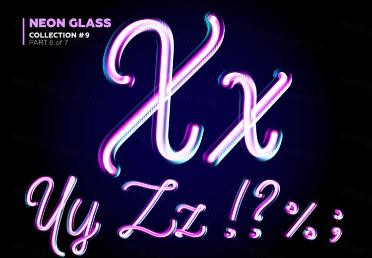 图穷联素材库 » 霓虹灯3D玻璃夜光特效字母字体矢量素材 Neon Glass
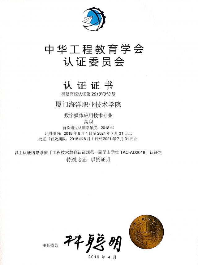 我系数字媒体应用技术专业于2017年9月参加IEET TAC-AD工程技术教育认证,于2018年12月迎接实地访评工作并通过了周期性认证,进一步强化了专业建设的诊断与改进,有力推进了专业内涵式发展。
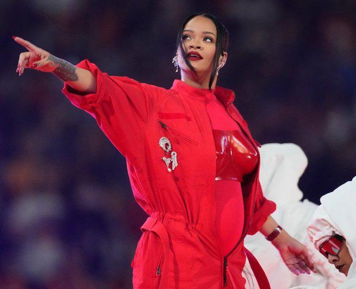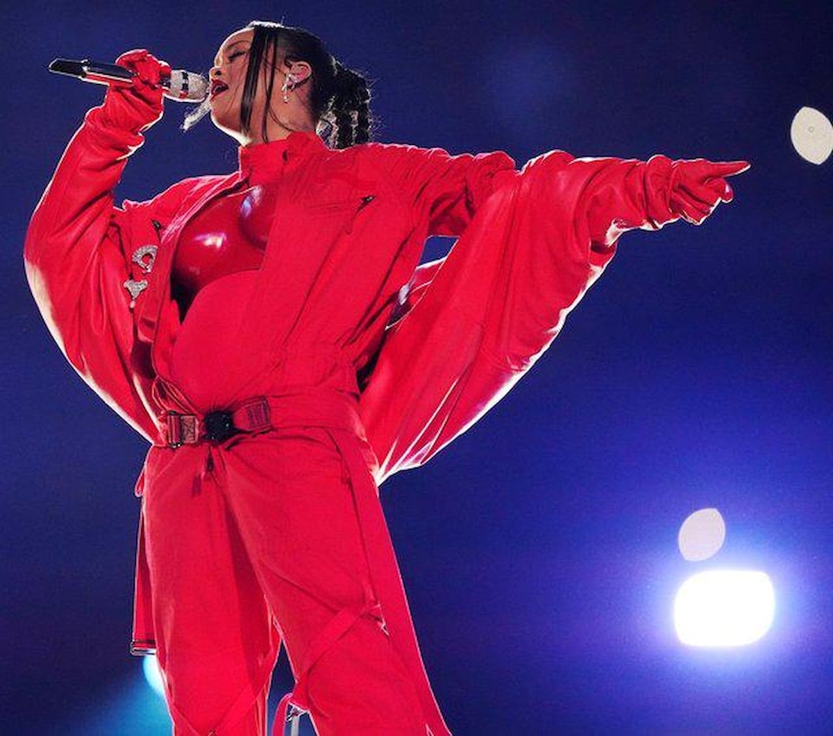 İlk çocuğunu dokuz ay önce dünyaya getiren Rihanna, Arizona'daki State Farm Stadyumu'ndaki 'Super Bowl' şovunda belirginleşen karnını sergiledi.
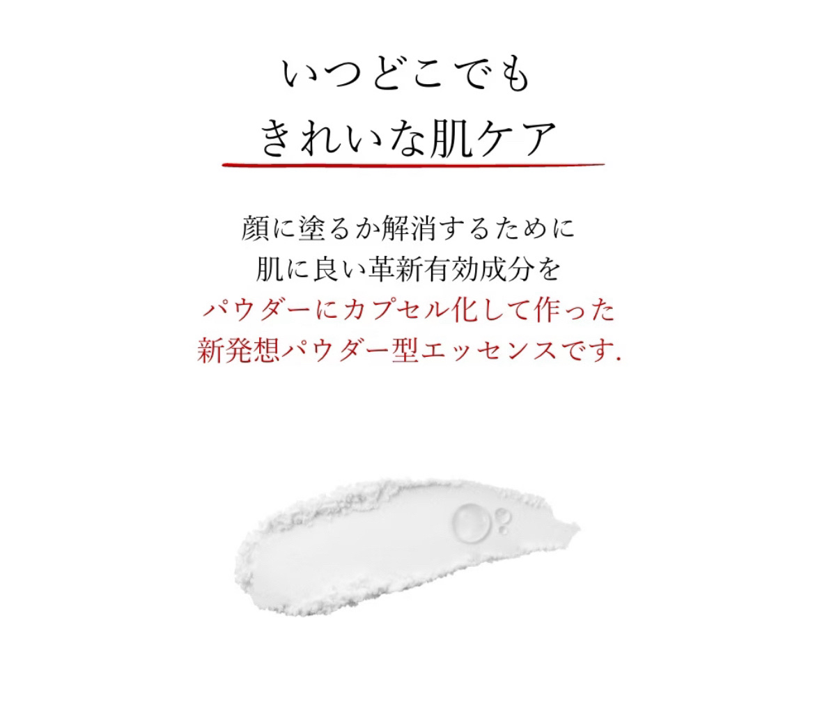 - パウダーを塗った瞬間エッセンスに変わり、すぐになじむ新概念パウダー 美容液なのにパウダー?! 不思議な感覚のマイクロバイオームバリアエッセンス Point1:8つの機能を持つ微細粒子で構成された“新感覚パウダー” Point2:塗った瞬間、美容エッセンスに変化し、しっとりフワフワな肌質に Point3:お肌を冷却&テカリを抑えてくれるため、朝のベースメイク前に最適!
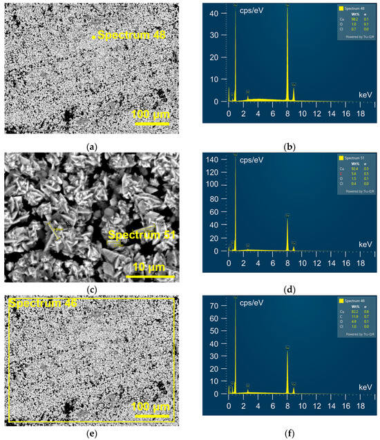 EDS analysis of Cu deposit obtained via electrodeposition from 0.5 M Cu(II)-ethaline at a cathodic potential of −400 mV vs. Cu on the GC cathode. (a–d) The point analysis, (e,f) the whole surface analysis.
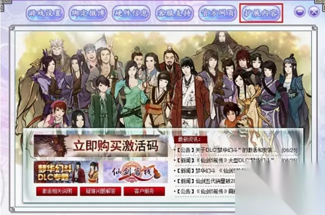 激活dlc步骤介绍: 1、要体验"梦华幻斗"的精彩内容,需要首先激活DLC。 2、点击《仙剑5前传》客户端右上方“扩展内容”按钮。
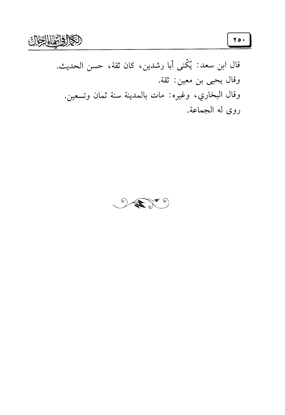 قال ابن سعد: يُكْنى أبا رشدين، كان ثقة، حسن الحديث.
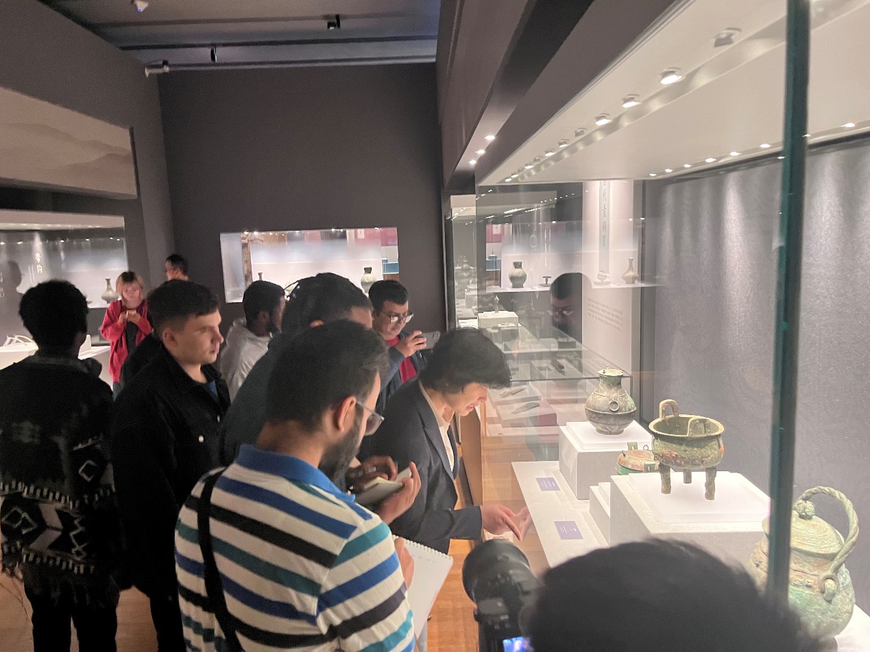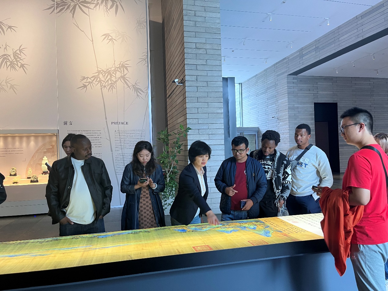 会后,苏州校区色情图 、中法学院、国际学院师生一行参观了浙江大学艺术与考古博物馆。江晓丽向学生们介绍了中国瓷器的种类、文化与历史,以及金石学的发展等,学生们听得津津有味、积极提问并做好笔记,仿佛身处《中国文化》的课堂。面对千里江山图的复制品,江老师讲解了中国绘画的相关知识,包括用色,印章、题诗等。学生们纷纷赞叹这副图的精美,表示非常想看到真迹。
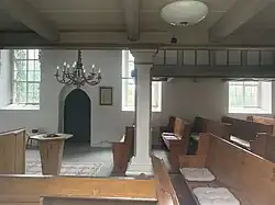 Der Kanzelaltar stammt aus dem Jahr 1883, besitzt aber eine ältere Rahmung. In der Predella ist das Abendmahl Jesu abgebildet. Zur weiteren Kirchenausstattung gehören eine pokalförmige, spätgotische Fünte sowie eine Hufeisenempore aus dem Jahr 1883. Das Bauwerk ist in seinem Innern flach gedeckt.
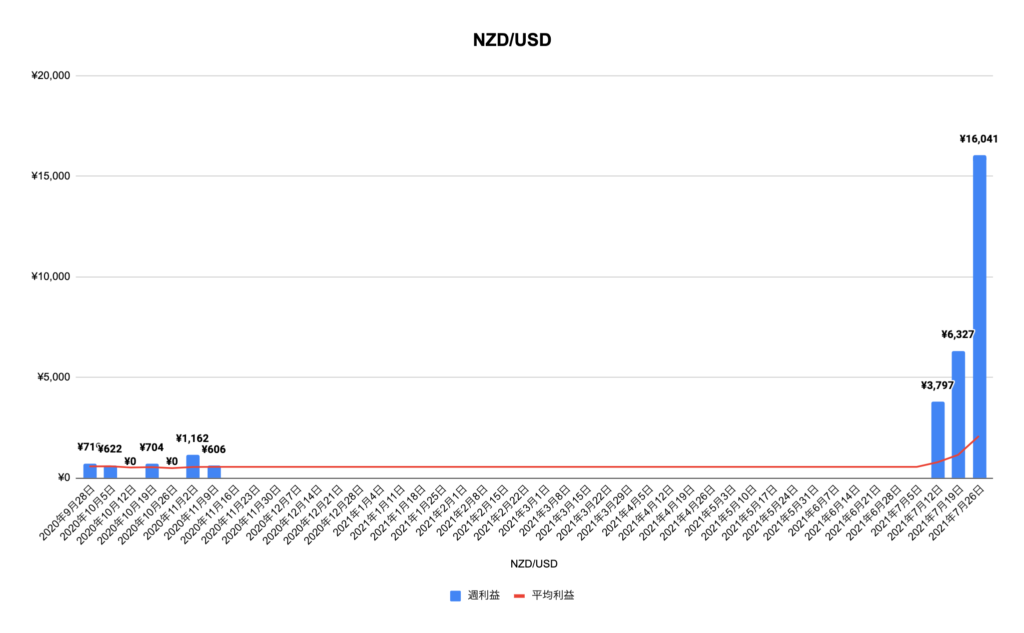 NZD/USDですが最近運用を再開しました。まだトラップ本数が他の通貨に比べて少ないのと運用期間が短くポジションもたまっていないのでこっからかな〜という印象です。
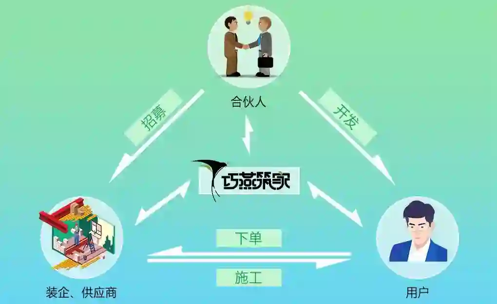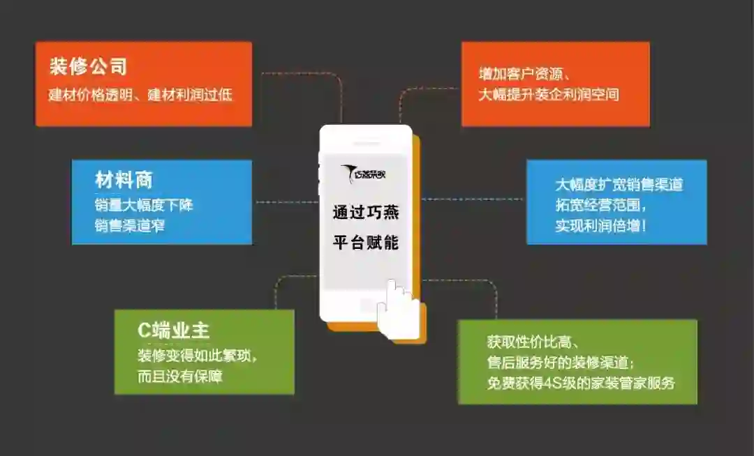 巧燕筑家平台相当于滴滴总部,用户有装修设计及购买材料需求就向装企供应链派单;
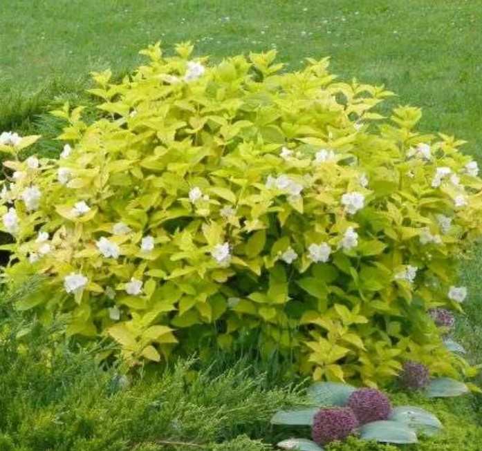 Чубушник 'Ауреус' (Philadelphus coronarius 'Aureus') – это великолепный декоративный кустарник, который станет настоящим украшением вашего сада. Его яркие золотисто-желтые листья создают эффектный контраст с белоснежными цветами, которые распускаются в начале лета и наполняют воздух нежным ароматом жасмина.
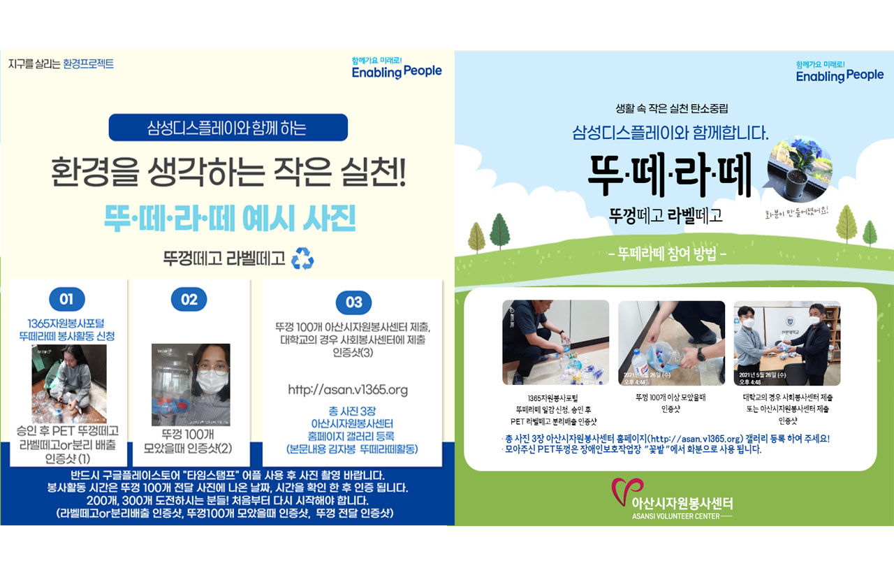 투명 페트병 배출 시 라벨을 꼭 제거하는 올바른 분리배출 방법을 시민들에게 알려주고 싶었습니다. 지자체에도 분리배출 정책 사업이 많이 있고 활발히 진행되고 있었는데 새로운 분리배출 정책에 대한 교육적인 차원과 함께 이를 자원봉사와 접목하고 싶었습니다. 평소에도 네트워크가 잘 되어있던 삼성디스플레이 사회공헌단 쪽에서도 제안이 와 함께 캠페인을 진행하게 되었습니다.
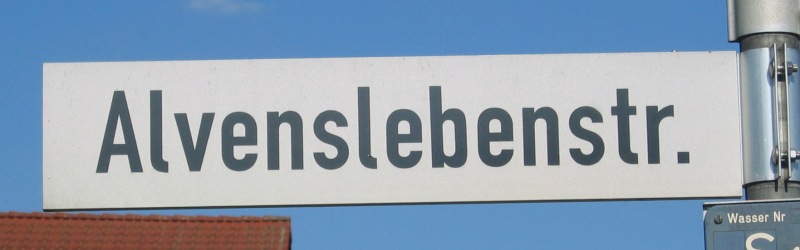| 19:41, 29. Sep. 2012 | Strassenschild Alvenslebenstrasse.jpg (Datei) | 53 KB | {{Bild-CC |Motiv=Straßenschild |Fotograf=Thomas Neuhaus |Aufnahmedatum=16.09.2012 |Urheber=Thomas Neuhaus |Freigabe=ab Veröffentlichung für HammWiki }} Kategorie:Straßenschilder | 1 | |
------------
**ASSIGNED TASK**:
Starting at the line containing "NZD/USDですが最近運用" and finishing at the line containing "巧燕筑家平台相当于滴滴总部,用户有装修设计及购买材料需求就向装企供应链派单;", return those lines exactly as they appear above, without the pictures.

**SOLUTION FOR THIS TASK**:
 NZD/USDですが最近運用を再開しました。まだトラップ本数が他の通貨に比べて少ないのと運用期間が短くポジションもたまっていないのでこっからかな〜という印象です。
 巧燕筑家平台相当于滴滴总部,用户有装修设计及购买材料需求就向装企供应链派单;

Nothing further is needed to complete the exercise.